*WORK INSTRUCTION*
Beneath this line are entries. Copy the range from the line with "Kitchen storage rack" to the line with "Cadeiras jardim c/", ends included, exactly; leave pictures out.

*** Opening DATA SHOWN ***

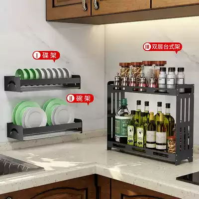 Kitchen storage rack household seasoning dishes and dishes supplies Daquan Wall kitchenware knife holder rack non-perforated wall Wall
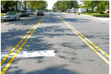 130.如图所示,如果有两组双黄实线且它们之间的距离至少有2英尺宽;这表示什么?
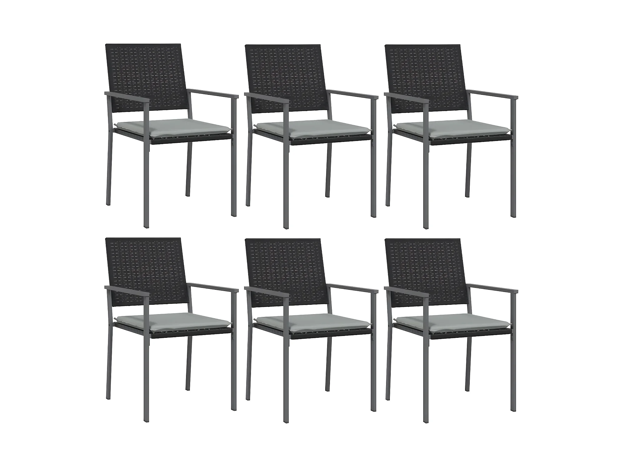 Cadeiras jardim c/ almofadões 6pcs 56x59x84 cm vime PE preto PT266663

*** Closing DATA SHOWN ***
*** Opening DATA SHOWN ***

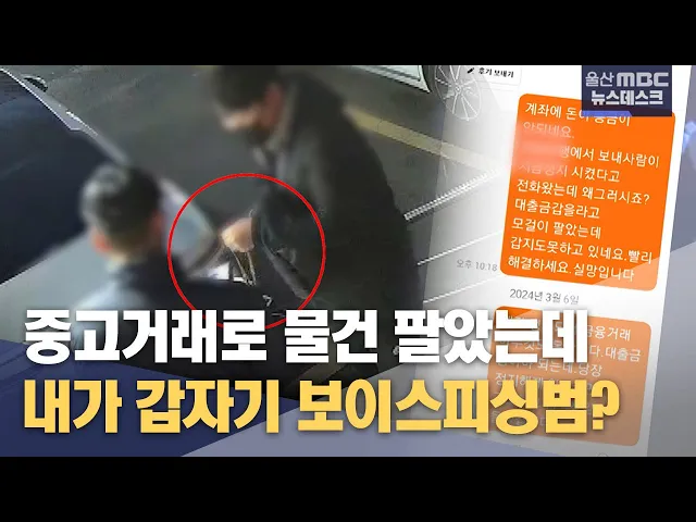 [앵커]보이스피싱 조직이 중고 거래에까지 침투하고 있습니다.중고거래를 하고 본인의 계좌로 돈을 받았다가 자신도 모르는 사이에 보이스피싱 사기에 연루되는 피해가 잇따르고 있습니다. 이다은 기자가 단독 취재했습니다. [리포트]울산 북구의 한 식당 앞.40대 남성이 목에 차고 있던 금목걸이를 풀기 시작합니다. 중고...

*** Closing DATA SHOWN ***
*** Opening DATA SHOWN ***

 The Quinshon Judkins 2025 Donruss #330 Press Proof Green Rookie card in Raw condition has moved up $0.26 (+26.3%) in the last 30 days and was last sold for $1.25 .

*** Closing DATA SHOWN ***

*RESULT OF THIS TASK*
 Kitchen storage rack household seasoning dishes and dishes supplies Daquan Wall kitchenware knife holder rack non-perforated wall Wall
 130.如图所示,如果有两组双黄实线且它们之间的距离至少有2英尺宽;这表示什么?
 Cadeiras jardim c/ almofadões 6pcs 56x59x84 cm vime PE preto PT266663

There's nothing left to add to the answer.